### Exercise aim
Type out each entry exactly as it appears, but keep every image out.

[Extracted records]

=== Begin Enclosure ===

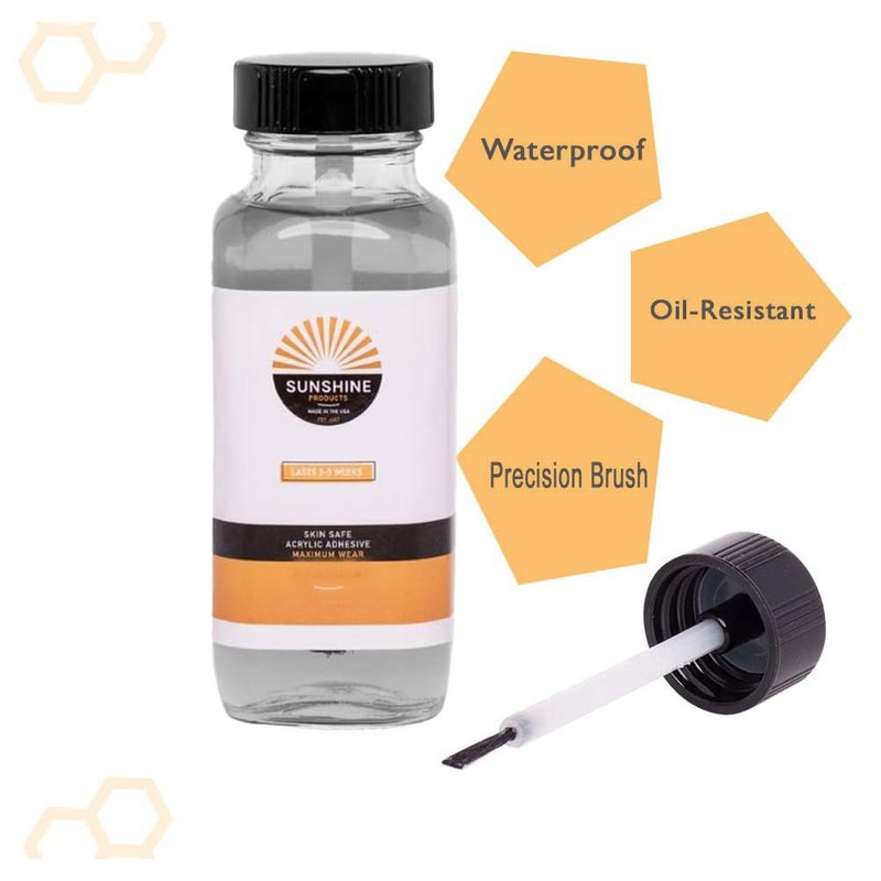 One of the strongest skin-safe acrylic adhesives on the market, Sunshine Skin Safe Maximum Wear Acrylic Adhesive is a clear, extended-wear adhesive that provides a solid three-to-five-week bond. The compact glass bottle can easily be carried in a pocket or purse, making it ideal for touch-ups, travel, and emergency situations. 50-ounce glass bottle.
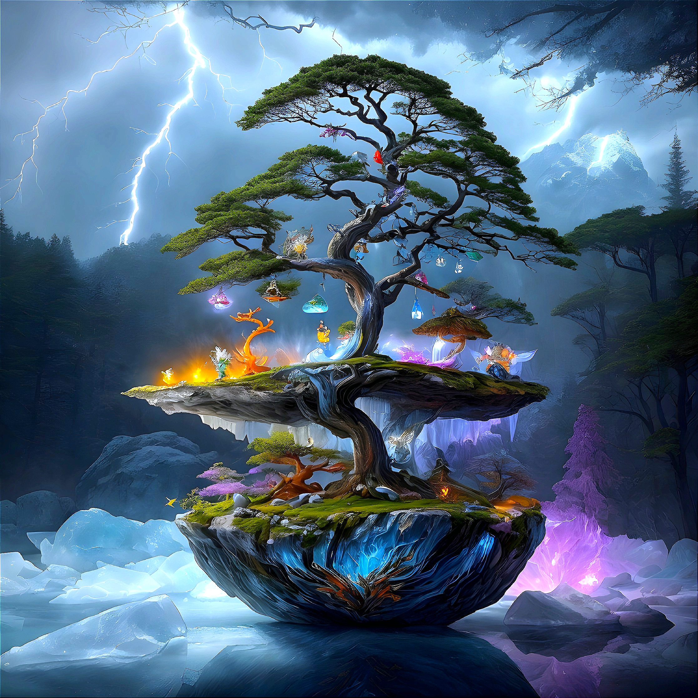 A stunning ice bonsai in a parallel world, glowing with vibrant hues and surrounded by crackling lightning bolts. The artwork is a fusion of surrealistic and fantastical elements, transporting viewers to a mesmerizing realm of artistic wonder.
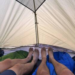 The morning was cold and we had a heavy dew overnight. All our stuff was wet but not a big problem. Hike started up and we climbed 500 feet. After that all downhill about 3000 feet. We passed by viewsRead more
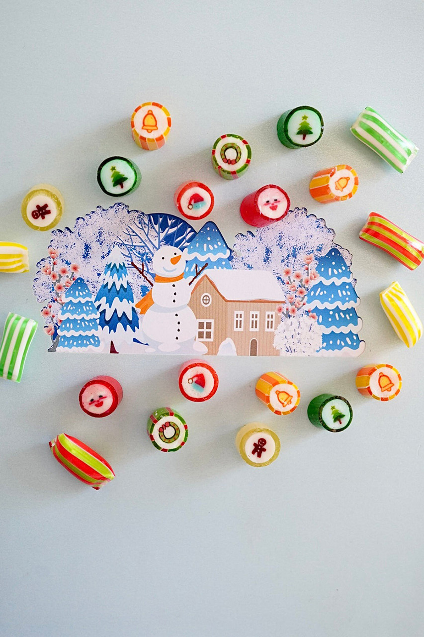 This year’s Holiday Mix has the following flavors: Watermelon (Santa Face), Raspberry (Santa’s Hat), Green Apple (Christmas Tree), Guava (Wreath), Coconut (Gingerbread Man) and Mango (Bell) designs; Strawberry-Kiwi, Keylime and Pineapple pillows. By CandyLabs.Â
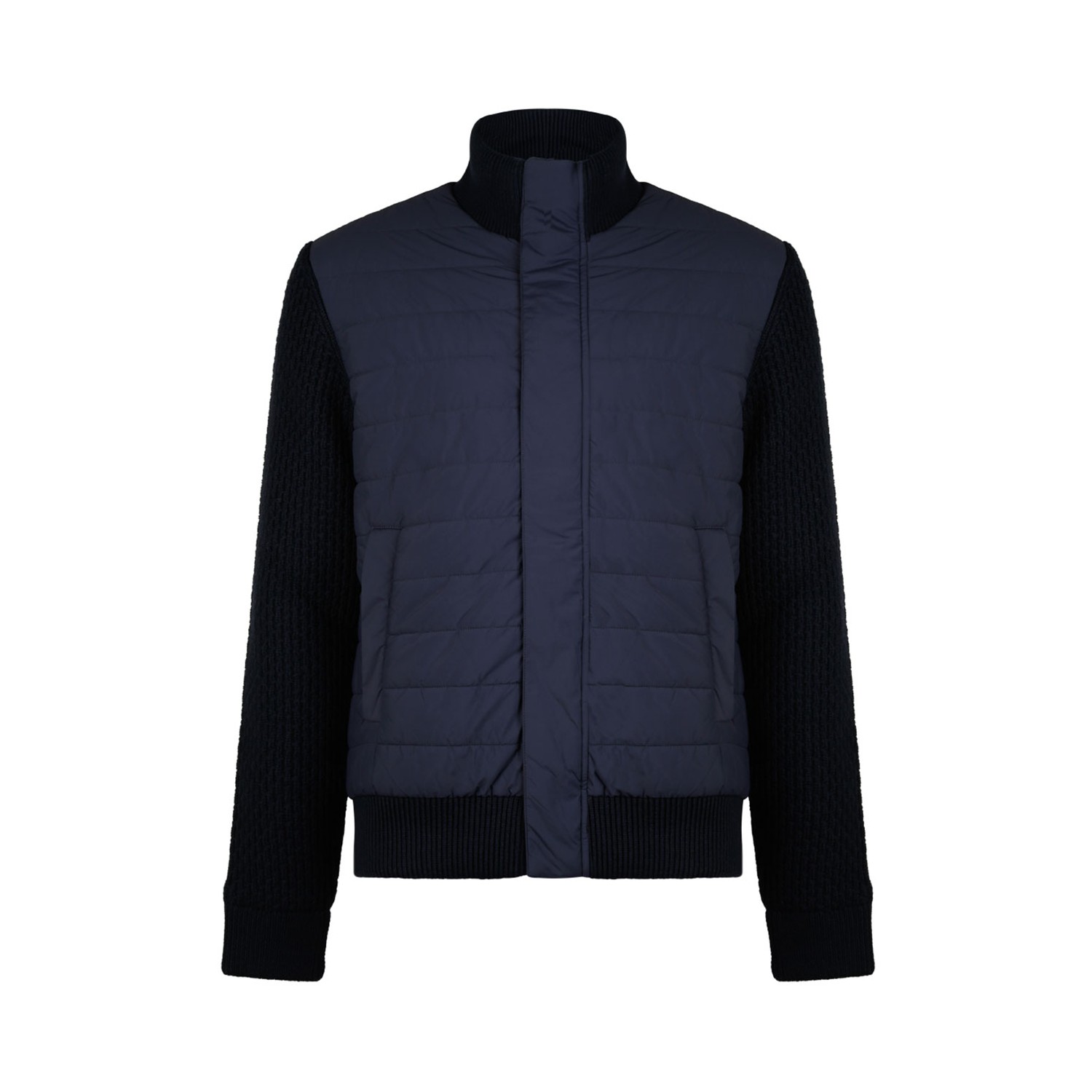 Herno Quilted Inserts Navy Blue Jacket. Navy blue jacket made of virgin wool with quilted inserts. Ribbed trim, high collar and long sleeves. Two side pockets with snap button and front fastening with snap button and zip.

=== End Enclosure ===

### Final answer
 One of the strongest skin-safe acrylic adhesives on the market, Sunshine Skin Safe Maximum Wear Acrylic Adhesive is a clear, extended-wear adhesive that provides a solid three-to-five-week bond. The compact glass bottle can easily be carried in a pocket or purse, making it ideal for touch-ups, travel, and emergency situations. 50-ounce glass bottle.
 A stunning ice bonsai in a parallel world, glowing with vibrant hues and surrounded by crackling lightning bolts. The artwork is a fusion of surrealistic and fantastical elements, transporting viewers to a mesmerizing realm of artistic wonder.
 The morning was cold and we had a heavy dew overnight. All our stuff was wet but not a big problem. Hike started up and we climbed 500 feet. After that all downhill about 3000 feet. We passed by viewsRead more
 This year’s Holiday Mix has the following flavors: Watermelon (Santa Face), Raspberry (Santa’s Hat), Green Apple (Christmas Tree), Guava (Wreath), Coconut (Gingerbread Man) and Mango (Bell) designs; Strawberry-Kiwi, Keylime and Pineapple pillows. By CandyLabs.Â
 Herno Quilted Inserts Navy Blue Jacket. Navy blue jacket made of virgin wool with quilted inserts. Ribbed trim, high collar and long sleeves. Two side pockets with snap button and front fastening with snap button and zip.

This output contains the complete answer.